ST. Gallen. Nach einer turbulenten Schlussphase gewinnt der FCZ in St. Gallen 2:1 und behauptet sich damit auf einem Europacup-Platz.

Der FC Zürich feierte in St. Gallen einen ebenso unerwarteten wie glücklichen 2:1-Erfolg, dank dem er den 5. Rang behaupten konnte, obwohl auch die Konkurrenz gewann. Unerwartet war der Sieg, weil die Zürcher im dritten Viertel der Meisterschaft gegen alle drei Topteams der Super League verloren hatten. Und glücklich, weil St. Gallen zur Pause nie hätte 0:1 zurückliegen dürfen und weil Schiedsrichter Stephan Studer dem Heimteam kurz vor dem Anschlusstor zum 1:2 ein Tor wegen angeblichen Offsides aberkannte und bei einem Gerangel im FCZ-Strafraum zwischen Loris Benito und Mikael Ishak nicht auf Penalty entschied.

Der FCZ ging in der 17. Minute mit seiner einzigen Strafraumszene der ersten Halbzeit in Führung: Ein Freistoss Stjepan Kukuruzovics von der Seite, von Kristian Nushi an Amine Chermiti unnötig verursacht, fand via Pfosten den Weg ins Tor. Danach aber war St. Gallen klar überlegen und hätte ausgleichen müssen. Oscar Scarione traf in der 25. Minute nur den Pfosten, Franck Etoundi scheiterte im Nachschuss an David Da Costa, dessen gute Paraden dem FCZ letztlich den Sieg sicherten. Weil sie den Ball immer wieder früh verloren, kamen die Zürcher bis zur Pause immer mehr unter Druck. Doch der für den verletzten Etoundi eingewechselte Ishak scheiterte an Da Costa und Benito blockte einen Schuss von Oucine Nater, womit es bei der Führung des FCZ blieb.

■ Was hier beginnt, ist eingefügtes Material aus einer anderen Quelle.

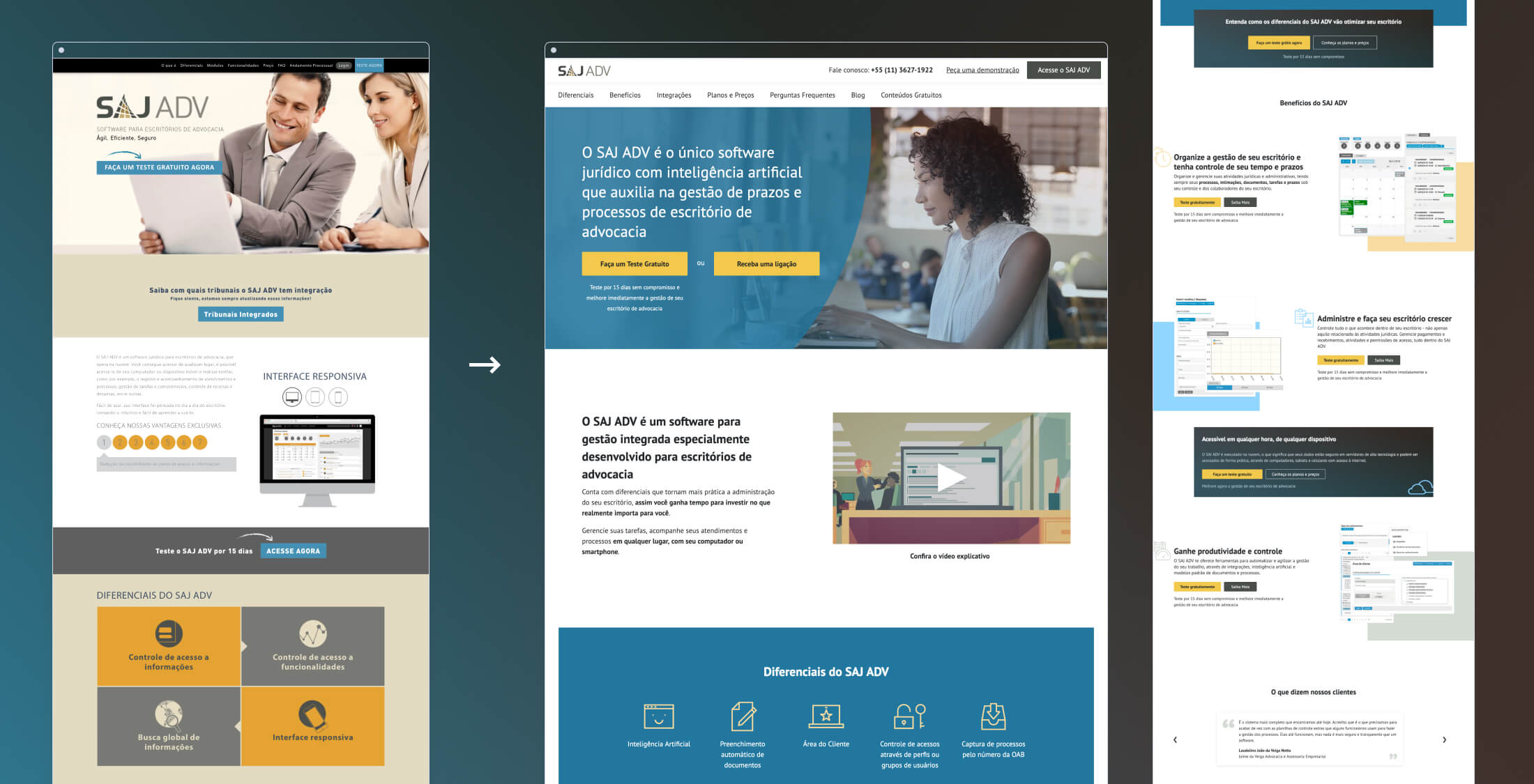 In 2018, people at SAJ ADV - a Legal Software Company within SoftPlan - asked me to redesign their marketing website. The project goals were to make it more visually modern and to build a foundation for continuous optimization, migrating the static website to a Wordpress structure.

In der zweiten Halbzeit hatte das Team von Urs Meier den Match deutlich besser im Griff und hätte souveräner gewinnen können, zumal Chermiti in der 78. Minute nach einem Dribbling Drmics auf 2:0 erhöhte. Es gelang den Zürchern bis kurz vor Schluss, das Heimteam vom eigenen Tor mehr oder weniger fernzuhalten, sieht man von einem Kopfball Philippe Montandons unmittelbar vor dem 0:2 ab. Dann aber geriet der Zürcher Sieg nochmals in Gefahr: In der 87. Minute beging Da Costa seinen einzigen Fehler, indem er einen Schuss Nushis nach vorn abprallen liess. Ishak war für den Nachschuss zur Stelle, doch sein Treffer wurde nicht gegeben, weil der Assistent den Schweden bei Nushis Schuss im Offside wähnte. Das spielte eine bedeutende Rolle, denn Scarione konnte in der 90. Minute Da Costa doch noch zum 1:2 bezwingen. Dabei bliebs aber, was bedeutet: Der FCZ kann zwar auch gegen einen aus den Top drei der Liga gewinnen. Aber er braucht dazu das Wettkampfglück, das er in den vorangegangenen Vergleichen nicht immer hatte.

Berner Reaktion

Für den FCZ war der Auswärtssieg wichtig, denn nach Thun am Samstag gewann mit den Young Boys auch der andere Konkurrent um den 5. Rang. Die Berner feierten mit dem 3:1 gegen das nun seit vier Runden punktlose Lausanne den ersten Erfolg nach dem 3. März. Vor gut 13 000 Zuschauern erzielte Moreno Costanzo mit einem von Ibrahim Tall naiv verschuldeten Foulpenalty das 1:0. Das Tor des Tages markierte Elsad Zverotic in der zweiten Hälfte. Der Montenegriner drosch den Ball aus schwierigem Winkel zum 2:0 ins Lattenkreuz. Lausanne spielte bis zur Beschönigung des Resultats (durch Jocelin Roux in der Nachspielzeit) keine Rolle – im Duell mit einem Team, das zuvor in sechs sieglosen Partien nur drei Punkte gewonnen hatte.

Zu viel Wasser in Genf

Servette blieb eine Verbesserung der ungemütlichen Lage unverschuldet verwehrt. Weil heftige Regenfälle den Platz fluteten, ordnete Schiedsrichter Stephan Klossner eine Verschiebung des Derbys gegen Sion an. Mehrere Tausend Zuschauer reisten vergeblich an. Der Genfer Präsident Hugh Quennec will eine technische Analyse vornehmen lassen. «Sollten Mängel zum Vorschein kommen, müssen wir die Konsequenzen ziehen», ärgerte sich Quennec über die mutmasslich ungenügende Pflege des Spielfeldes. (red/si)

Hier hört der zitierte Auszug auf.